Overview

Image explaining Prompt Analyzer architecture

Prompt Analyzer Implementation Details

Prompt Analyzer is a Streamlit-based application designed to process and analyze natural language prompts using advanced embedding models and metrics. It provides tools for sorting prompts by various quality metrics and supports exporting results for further analysis.

Highlights

  • Interactive Interface: Built using Streamlit for user-friendly operation.

  • Customizable Analysis: Users can select metrics like Semantic Vocabulary Richness, Relevance, and Lexical Density.

  • Advanced Embeddings: Utilizes SentenceTransformer models for semantic representation.

Prerequisites

  • Install Dependencies: Ensure all required Python packages are installed: .. code-block:: bash

    pip install streamlit sentence-transformers scikit-learn nltk pandas

  • Download Pre-Trained Models: Ensure that SentenceTransformer models (e.g., “all-mpnet-base-v2”) are available locally. These are downloaded automatically during the first run.

  • Python Environment: Use a Python environment (3.8 or higher) for smooth operation.

Architecture Overview

The application follows a modular architecture detailed below:

  1. Dependencies - Key libraries include:

    • Streamlit for the user interface.

    • SentenceTransformer for generating embeddings.

    • scikit-learn for computing similarity and clustering.

    • nltk for tokenization and syntactic analysis.

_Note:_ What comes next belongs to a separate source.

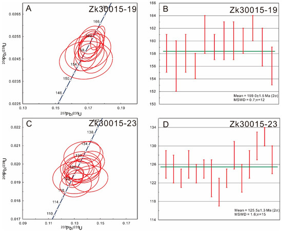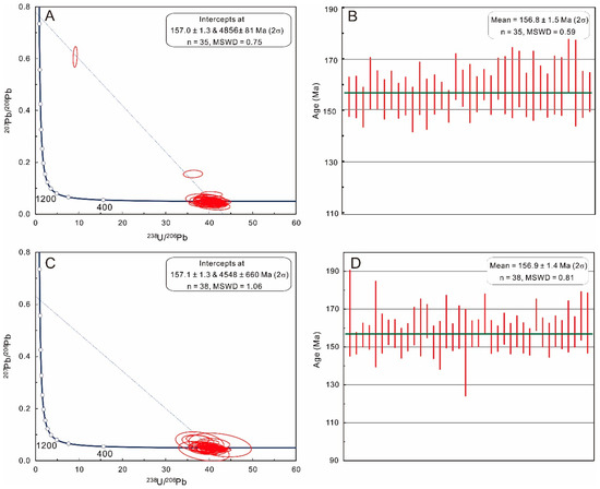 Thirty-six spot analyses on 31 cassiterite grains were carried out for sample Mp-5-11 from the quartz vein (Table 2). The cassiterite grains have countable U, but low Th contents. The composition of the 35 ablated spots on the cassiterite grains varies from 0.14 to 4.11 ppm total Pb, <0.10 ppm Th, and 4.9–164 ppm U, respectively. The analytical spots gave a Tera–Wasserburg U–Pb lower intercept age of 157.0 ± 1.3 Ma (2 σ, n = 35, MSWD = 0.75) (Figure 9A). After 207Pb-based correction, the analyses yielded a weighted mean 206Pb/238U age of 156.8 ± 1.5 Ma (2 σ, n = 35, MSWD = 0.59) (Figure 9B), which agrees well with the Tera-Wasserburg U–Pb lower intercept age within error. This indicates that this sample has low common lead content; thus, the age is less influenced and can accurately represent the crystallization age of the cassiterite in the quartz vein.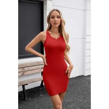 Valiamcep Tank Top Dresses for Women Summer Scoop Neck Sleeveless Ribbed Casual Bodycon Mini Dress Red S

  2. Embedding Model - Model: “all-mpnet-base-v2” - Embeddings are generated for each prompt and used for computing semantic metrics like Semantic Diversity Score (SDS) and Relevance.

  3. Frontend (Streamlit) - Interactive interface with options for:

    • Entering test prompts and optional reference prompts.

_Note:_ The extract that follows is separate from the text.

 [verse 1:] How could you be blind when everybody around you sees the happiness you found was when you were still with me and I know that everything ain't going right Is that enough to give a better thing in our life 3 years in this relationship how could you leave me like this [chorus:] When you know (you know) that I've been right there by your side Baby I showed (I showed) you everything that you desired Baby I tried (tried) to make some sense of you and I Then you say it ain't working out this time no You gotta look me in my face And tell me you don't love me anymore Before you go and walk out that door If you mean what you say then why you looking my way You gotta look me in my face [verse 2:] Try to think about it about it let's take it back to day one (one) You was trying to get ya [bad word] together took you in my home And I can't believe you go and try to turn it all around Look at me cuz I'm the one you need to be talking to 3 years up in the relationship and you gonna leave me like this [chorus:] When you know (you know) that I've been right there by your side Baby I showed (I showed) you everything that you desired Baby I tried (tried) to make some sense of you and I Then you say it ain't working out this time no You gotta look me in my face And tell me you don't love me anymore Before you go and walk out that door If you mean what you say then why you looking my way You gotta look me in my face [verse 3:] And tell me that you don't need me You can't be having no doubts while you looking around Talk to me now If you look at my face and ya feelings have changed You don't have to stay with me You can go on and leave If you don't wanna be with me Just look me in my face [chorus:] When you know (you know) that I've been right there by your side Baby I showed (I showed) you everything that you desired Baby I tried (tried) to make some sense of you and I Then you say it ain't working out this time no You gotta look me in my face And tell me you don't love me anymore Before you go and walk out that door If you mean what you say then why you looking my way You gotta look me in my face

    • Selecting sorting metrics.

    • Displaying results in a table format.

    • Enabling file download for processed results.

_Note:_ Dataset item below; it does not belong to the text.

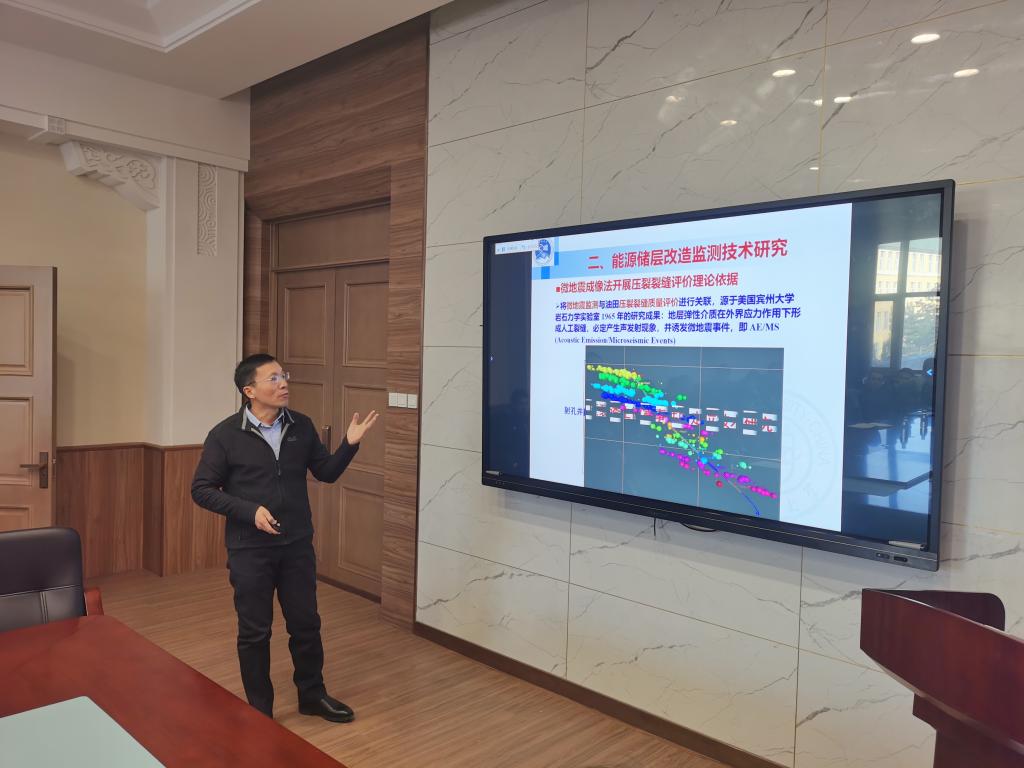 -深蓝感知公共安全技术联合研发中心运行模式、应急管理部国家矿山安全监察局重点实验室申报情况,将有助于科研成果实打实地应用到工程一线;仲志诚教授汇报了光纤传感课题组2021年度工作进展,分别从分布式光纤振动传感系统(DAS)、三维地应力传感系统、结构健康监测系统、DTS分布式光纤测温系统探讨了光纤传感技术的发展与应用;赵静教授围绕矢量磁测技术的优势,研制了高温超导磁测系统、航空三分量磁测系统、深海三分量磁测系统,攻克了一系列关键技术问题,其中“航磁超导全张量梯度测量系统研发”获得了2020年地质科技十大进展。

  4. Backend (Prompt Analysis and Sorting) - Text Processing:

    • Tokenizes text, removes stop words, and processes input prompts.

    • Metric Computation: - Metrics like Semantic Richness, Lexical Density, and Parse Tree Depth are calculated for each prompt.

    • Sorting and Scoring: - Prompts are scored based on the selected metric and sorted for display.

    • Relevance Analysis: - Uses hybrid metrics (semantic, lexical, and structural) to compute relevance between test and reference prompts.

  5. Main Functionalities - Prompt Analysis:

    • Prompts are analyzed using semantic and syntactic metrics.

    • Relevance Computation: - Test prompts are compared to reference prompts for relevance.

    • Redundancy Removal: - Removes redundant prompts by comparing embeddings and keeping the most relevant ones.

Code Walkthrough

1. Embedding Initialization

  • Model: “all-mpnet-base-v2”

  • SentenceTransformer is used to generate embeddings for each prompt: .. code-block:: python

    from sentence_transformers import SentenceTransformer model = SentenceTransformer(“all-mpnet-base-v2”) embeddings = model.encode(prompts_list)

2. User Interface

  • Sidebar options include: - Text input for entering prompts. - Metric selection dropdown. - Optional reference prompt input for relevance analysis. - Analyze button to start processing.

3. Prompt Processing

  • Text Preprocessing: - Tokenizes text, removes punctuation and stop words using nltk.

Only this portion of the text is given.